FINDING = source ──(no sanitizer)──► sink

Semgrep:
  semgrep --config p/owasp-top-ten .        # OWASP pack
  semgrep --config ./my-rule.yaml .         # custom rule
  semgrep --baseline-commit <sha> .         # only NEW findings
  semgrep --sarif -o out.sarif .            # SARIF for code scanning
  # nosemgrep: rule-id  — REASON              (justified suppression)

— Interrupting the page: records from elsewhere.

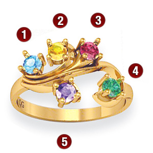 Fleur-de-lis Ring with 5 simulated birthstones in 14kt yellow gold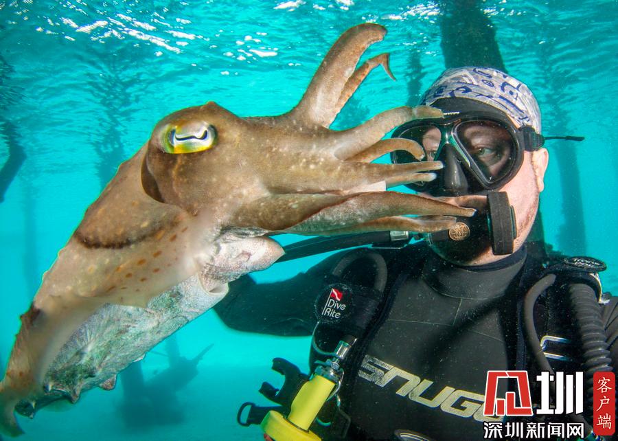 2019年11月12日報道(具體拍攝時間不詳),許多潛水愛好者都會把遇見海底動物當(dāng)作一種幸運,但如果它們過分熱情,你能扛得住嗎?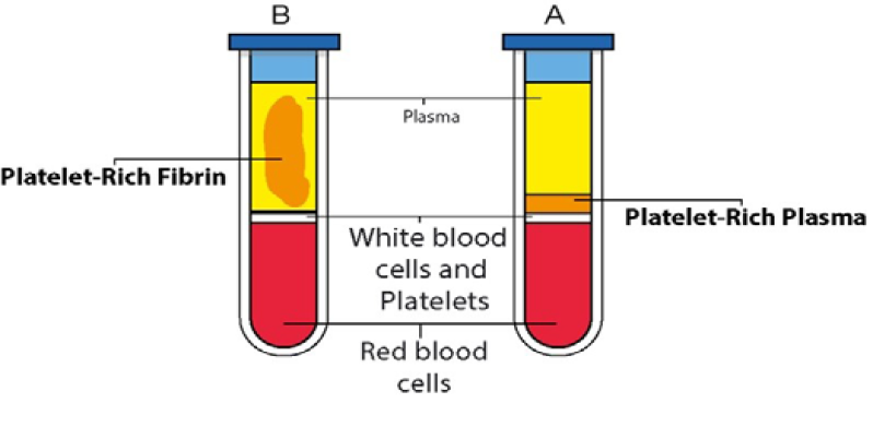 Figure 2. Comparison of PRP and PRF preparations in centrifuged blood samples. Tube A (PRP): This tube contains anticoagulated material. It depicts the separation of blood components after centrifugation to obtain Platelet-Rich Plasma (PRP). Tube B (PRF): This tube does not contain anticoagulated material. It shows the preparation of Platelet-Rich Fibrin (PRF), where a fibrin clot is formed instead of a liquid plasma component.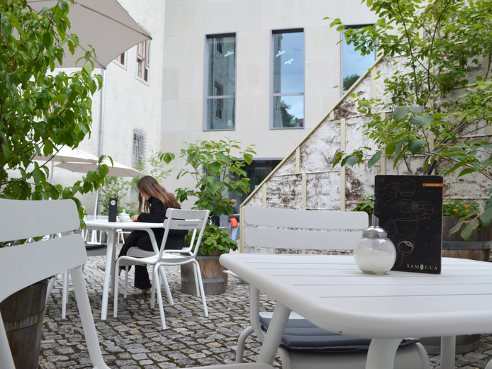 Der ruhige Innenhof am Samocca Café in Nähe der Herzogin Anna Amalia Bibliothek lädt zu einem gemütlichen Päuschen mit Kaffee und Kuchen ein. Der bestechend leckere Kuchen und weitere Speisen kommen aus eigener Manufaktur der Werkstätten Christopherushof und der Diakonie Landgut Holzdorf.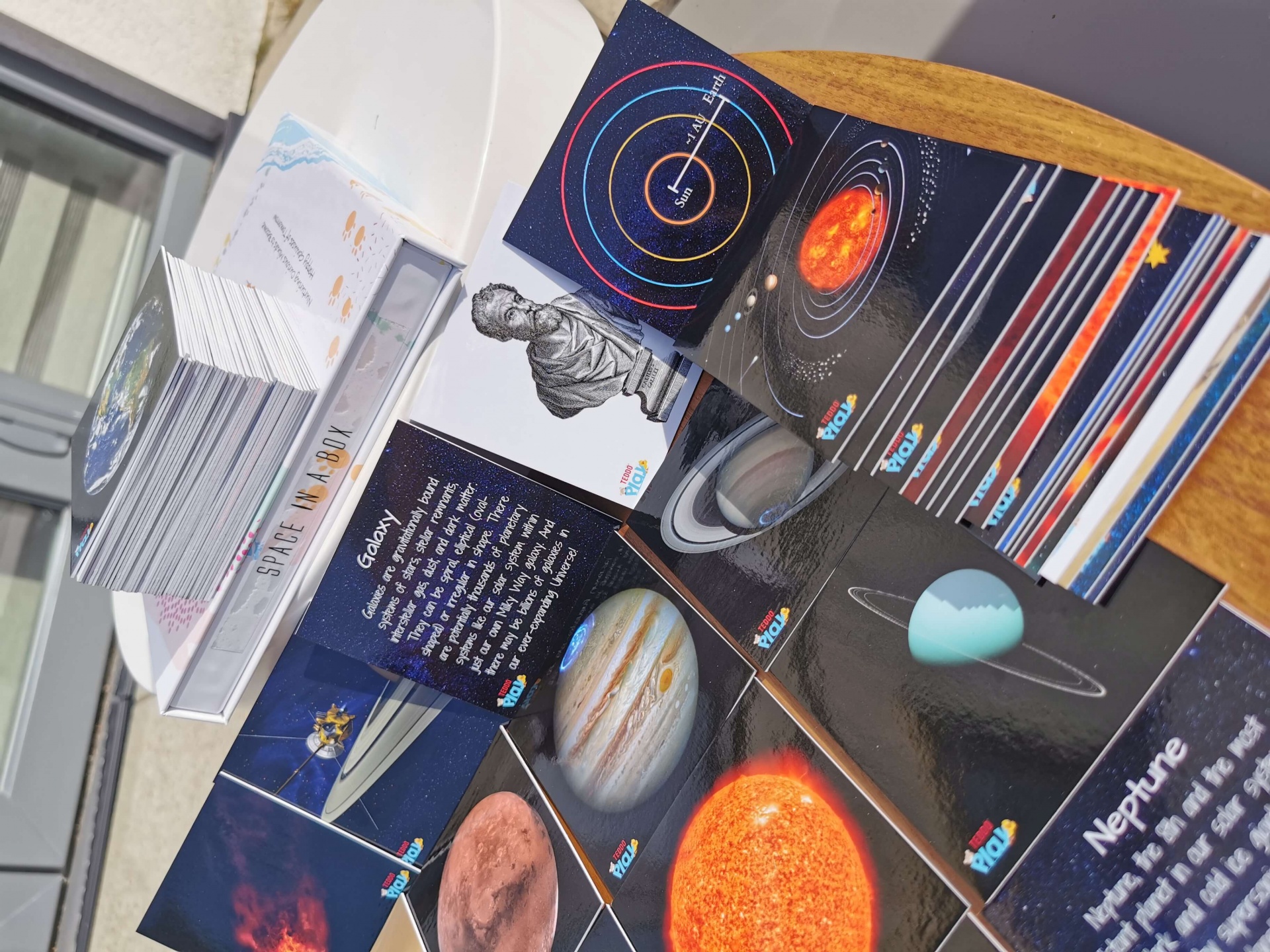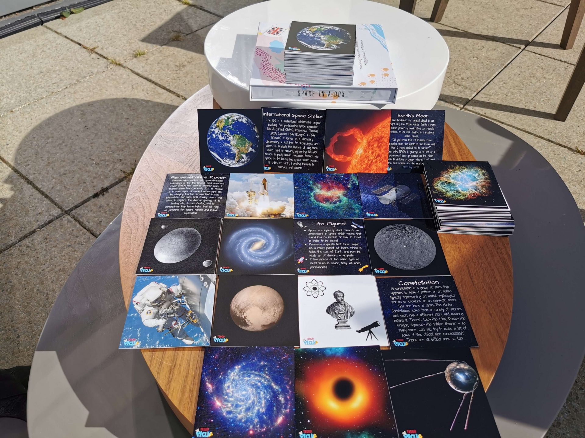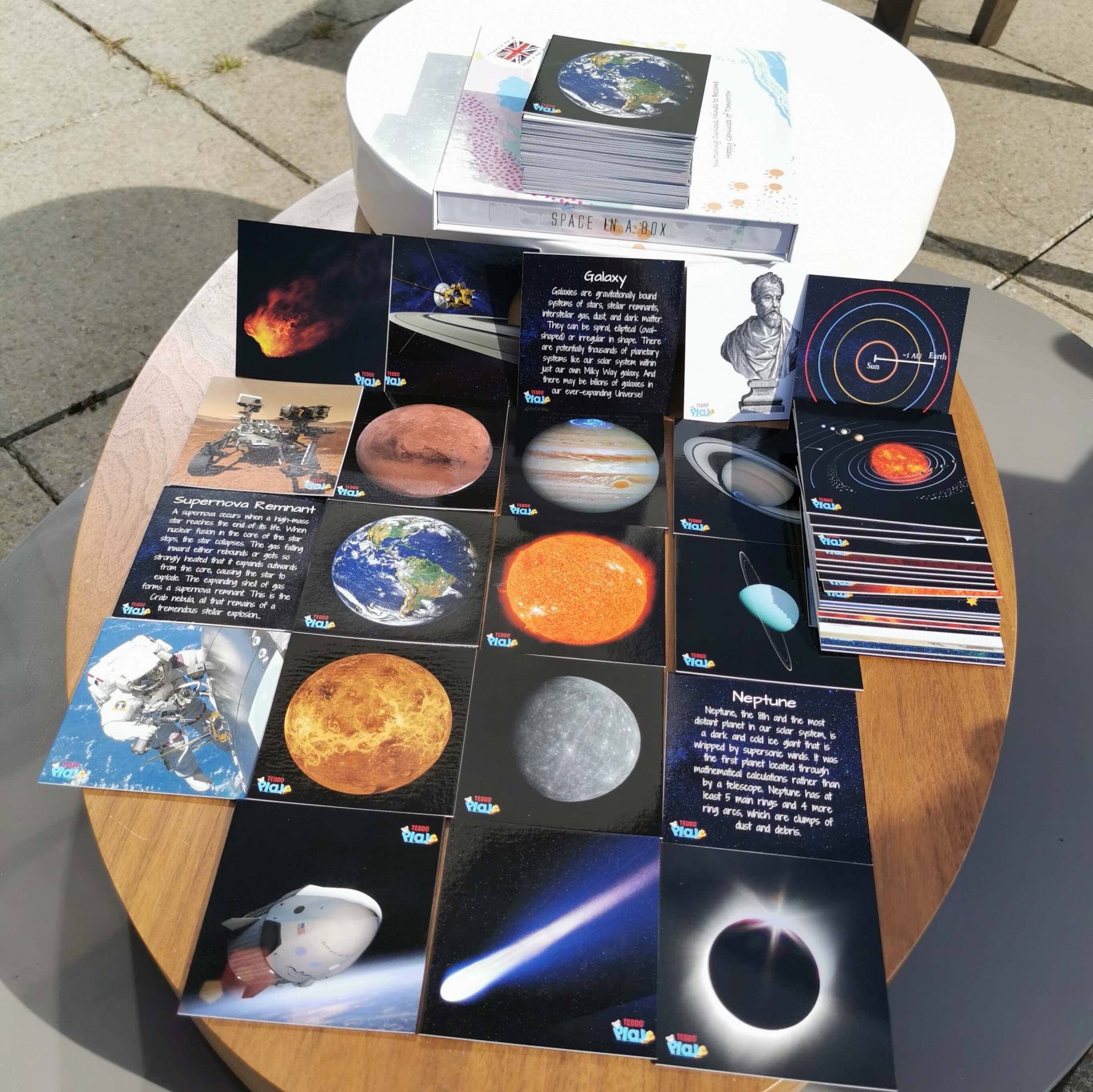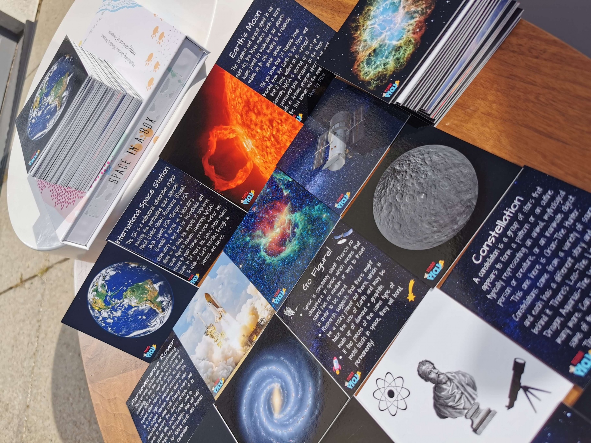 40 Cartões com imagens dos diversos elementos que compõem este tema. O Sol, 8 planetas, Luas, Asteroides, Meteoritos, Galaxias entre outras curiosidades. De um lado com uma imagem e no verso todas as informações importantes relativamente à imagem.

Taint rule = mode: taint + pattern-sources / -sinks / -sanitizers  → low noise
Severity drives policy: ERROR = block, WARNING/INFO = advise
Confidence ≠ severity: low-confidence high-severity → human review

Signal-to-noise levers: baseline · diff-only · tune packs · justified suppress
Secrets ≠ suppress → ROTATE (scan git HISTORY, not just HEAD)

Summary

A SAST finding is a tainted path from a source (untrusted input) to a sink (dangerous operation) with no sanitizer between. Tools range from pure pattern matchers (Bandit, gosec) through pattern-plus-dataflow (Semgrep) to deep dataflow (CodeQL). You consume curated rule packs and write a few taint-mode rules of your own; severity and confidence drive whether a finding blocks or advises. The decisive skill is managing signal-to-noise: baseline legacy code, scan only the diff in PRs, tune rule packs, and suppress false positives with justification — never silently. Emit SARIF so findings render inline on the PR. Secrets are the exception to suppression: a leaked credential must be rotated, because it lives in git history forever.

Further Reading

  • Semgrep taint-mode and rule-writing documentation; the Semgrep registry.
  • SARIF specification (OASIS) and GitHub/GitLab code-scanning guides.
  • gitleaks and trufflehog for git-history secret scanning.
  • The sql-injection-prevention, xss-prevention, secrets-management, and input-validation skills.